RepSelect: Robust LLM Unlearning via Representation Selectivity
RepSelect: Robust LLM Unlearning via Representation Selectivity
RepSelect:通过表征选择性实现鲁棒的大语言模型遗忘
Abstract: Making large language models (LLMs) deeply forget specific knowledge and values without sacrificing general capabilities remains a central challenge in unlearning. However, current methods are easily reversed by fine-tuning or few-shot prompting, suggesting their forgetting is only shallow.

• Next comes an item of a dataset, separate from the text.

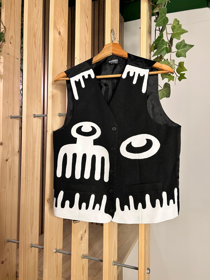 The Vest Duafe 1 is a bold reinterpretation of elegance through symbolism. Featuring the hand-painted Duafe symbol, an Adinkra emblem representing feminine energy, self-care, cleanliness, and nurturing, this sleeveless piece merges cultural meaning with contemporary design. Set against a deep black canvas, the contrasting white motifs bring graphic rhythm and balance. Dripping edges and fluid shapes soften the sharp tailoring, creating a wearable statement that flows between heritage and individuality.

摘要: 如何让大语言模型(LLM)在不牺牲通用能力的前提下深度遗忘特定的知识和价值观,仍然是模型遗忘领域的核心挑战。然而,现有的方法很容易通过微调或少样本提示(few-shot prompting)被逆转,这表明它们的遗忘仅仅停留在浅层。
We identify the root cause. Existing methods target representations shared with both the retain set and the subspace recovered by a fine-tuning attacker, making unlearning both disruptive to general capabilities and easy to reverse.

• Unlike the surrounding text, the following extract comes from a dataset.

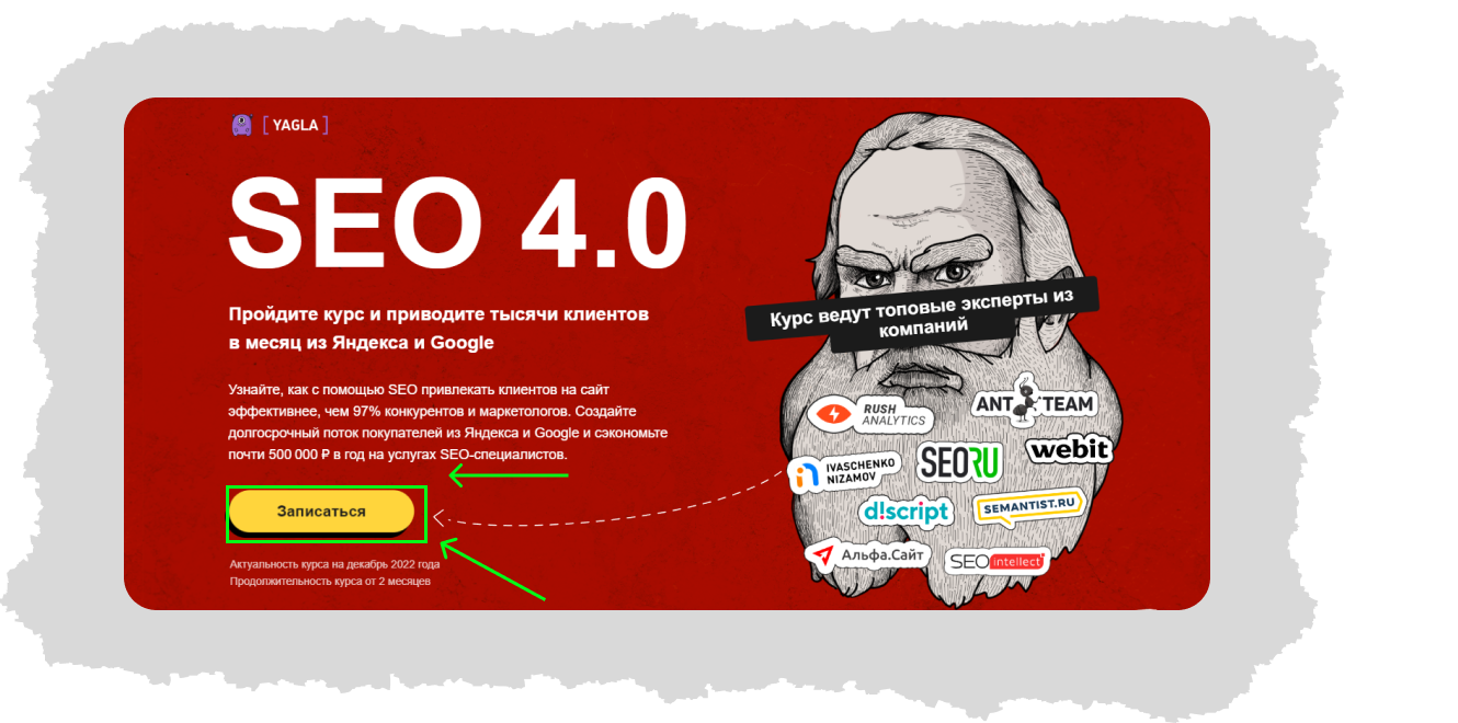 Нажмите на «Записаться» на странице курса «SEO 4.0»

我们找出了问题的根本原因。现有方法所针对的表征,往往同时存在于保留集(retain set)和微调攻击者所恢复的子空间中,这使得遗忘过程既破坏了模型的通用能力,又容易被逆转。
We propose RepSelect (Representation Selectivity), which isolates forget-set-specific representations by collapsing top principal components of weight gradients before each update, leaving general capabilities intact while limiting what fine-tuning can recover.
我们提出了 RepSelect(表征选择性)方法。该方法通过在每次更新前压缩权重梯度的前几个主成分,从而分离出针对“遗忘集”的特定表征。这种方式在保持模型通用能力完整的同时,限制了微调所能恢复的内容。
We evaluate across two forget categories, biohazardous knowledge and abusive tendencies, and four model families spanning dense and Mixture-of-Experts architectures (Llama 3, Qwen 3.5, Gemma 4 E4B, DeepSeek V2 Lite).
我们在两个遗忘类别(生物危害知识和滥用倾向)以及四个涵盖稠密架构和混合专家(MoE)架构的模型系列(Llama 3、Qwen 3.5、Gemma 4 E4B、DeepSeek V2 Lite)上进行了评估。
Compared to five popular baselines (GradDiff, NPO, SimNPO, RMU, UNDIAL), RepSelect achieves a 4-50x larger reduction in post-relearning answer accuracy than the strongest baseline, and is near-perfectly robust to few-shot prompting attacks. Targeting selective representations is thus an important step towards deep and robust LLM forgetting.
与五种主流基准方法(GradDiff、NPO、SimNPO、RMU、UNDIAL)相比,RepSelect 在重学习后的回答准确率降低幅度上比最强的基准方法高出 4 到 50 倍,并且对少样本提示攻击表现出近乎完美的鲁棒性。因此,针对性地选择表征是实现深度且鲁棒的 LLM 遗忘的重要一步。